The assertion that fails:

ASSERT(bq->queue == (MessageBlackHole*)END_TSO_QUEUE
       || bq->queue->header.info == &stg_MSG_BLACKHOLE_info);

bq->queue is actually an IND:

>>> print bq->queue
$1 = (struct MessageBlackHole_ *) 0x42001df098
>>> call printClosure(bq->queue)
IND(0x42001de350)

There's a note about this in Evac.c:

// Note [BLACKHOLE pointing to IND]
//
// BLOCKING_QUEUE can be overwritten by IND (see
// wakeBlockingQueue()). However, when this happens we must
// be updating the BLACKHOLE, so the BLACKHOLE's indirectee
// should now point to the value.
//
// The mutator might observe an inconsistent state, because
// the writes are happening in another thread, so it's
// possible for the mutator to follow an indirectee and find
// an IND. But this should never happen in the GC, because
// the mutators are all stopped and the writes have
// completed.

It seems like this currently does not hold. We're in GC and observe that a BLOCKING_QUEUE is actually an IND. Adding watchpoint to see when it became an IND:

>>> watch ((StgBlockingQueue *) 0x42008e45e0)->queue->header.info
Hardware watchpoint 1: ((StgBlockingQueue *) 0x42008e45e0)->queue->header.info
>>> reverse-continue
>>> bt
#0  0x00000000007406a0 in SET_INFO (c=0x42001df098, info=0x763e08 <stg_IND_info>) at includes/rts/storage/ClosureMacros.h:49
#1  0x0000000000740dfe in throwToMsg (cap=0x90e1c0 <MainCapability>, msg=0x42000cc180) at rts/RaiseAsync.c:412
#2  0x0000000000740905 in throwTo (cap=0x90e1c0 <MainCapability>, source=0x420040e438, target=0x42008bcc40, exception=0x7df158) at rts/RaiseAsync.c:213
#3  0x00000000007613c2 in stg_killThreadzh ()
#4  0x0000000000000000 in ?? ()

I'm not sure when this object is supposed to become a BLACKHOLE (or END_TSO_QUEUE) again. Simon, any ideas? I'm also confused why a note about blackholes talk about BLOCKING_QUEUE...
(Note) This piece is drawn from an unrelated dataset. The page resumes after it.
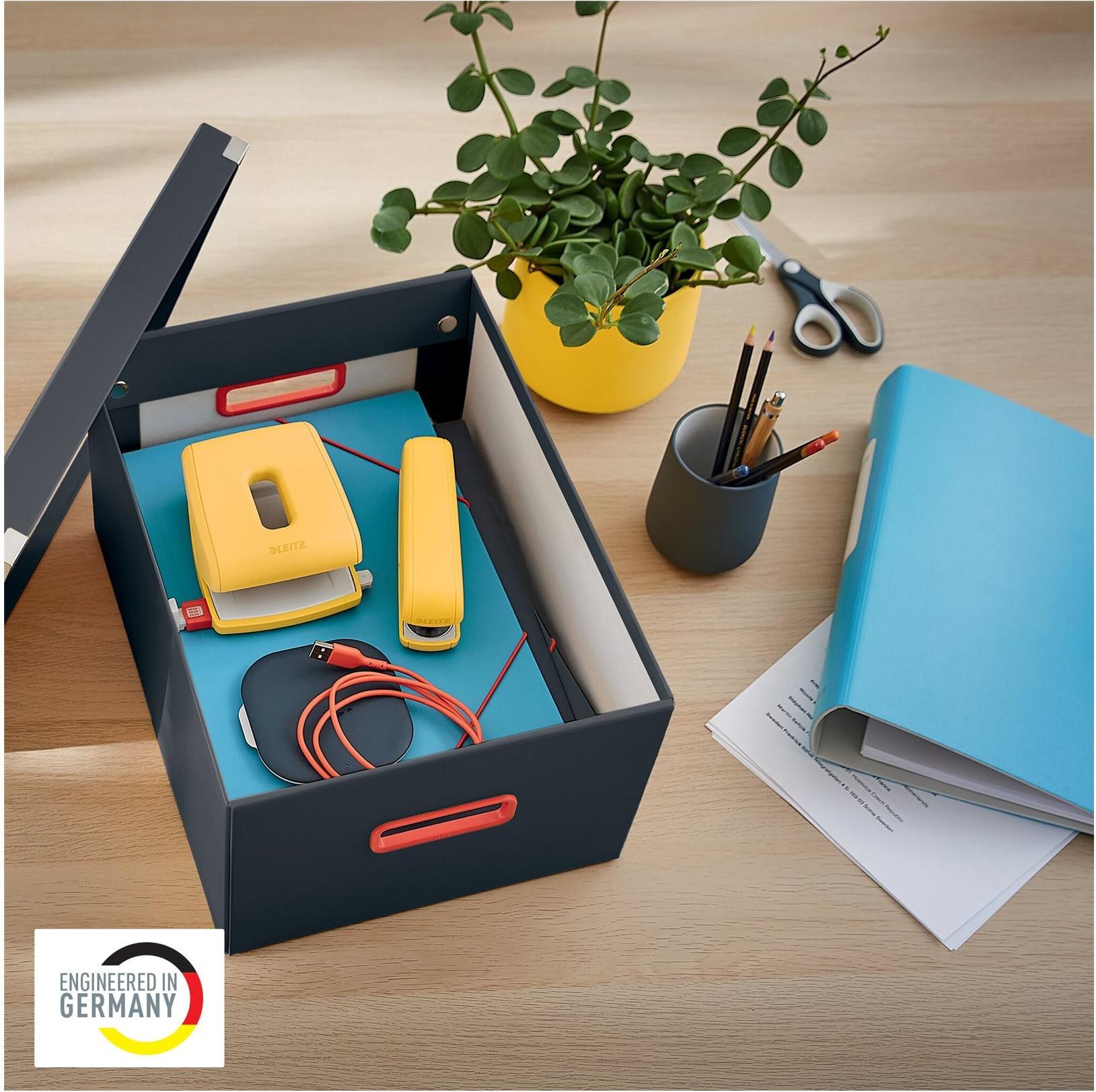 Fühlen Sie sich mit der Leitz Cosy Serie überall wie zu Hause, ganz gleich, wo Ihr Arbeitstag Sie hinführt. Mit seinem minimalistischen Design und den einladenden Farben können Sie Ihrem Arbeitsbereich Stil und Farbe verleihen. Die Click & Store Cosy Aufbewahrungs- und Transportbox Mittel mit Deckel und praktischen, stilvollen roten Greifausschnitten bietet Platz für alle Ihre A4-Dokumente, Fotos und andere kleinere Gegenstände. Mit ihrem platzsparenden Design lässt sich diese faltbare Aufbewahrungsbox leicht verstauen, wenn sie nicht gebraucht wird. Die hochwertigen Leitz Click & Store Cosy Aufbewahrungsboxen aus Karton sind ideal, um in Ihrem Zuhause und Büro für Ordnung zu sorgen, damit Sie sich den ganzen Tag entspannt und produktiv fühlen. Volumen 16 Liter.

comment:17 Changed 11 months ago by simonmar

Yes, the ASSERT is wrong here.

Note [BLACKHOLE pointing to IND] is talking about when a BLOCKING_QUEUE gets overwritten by IND, but this case is different: the ASSERT is looking at bq->queue which is normally a MSG_BLACKHOLE. A MSG_BLACKHOLE can be revoked by overwriting with IND, as per the code in throwToMsg that you found. This is all fine, so the ASSERT needs to account for bq->queue being an IND instead.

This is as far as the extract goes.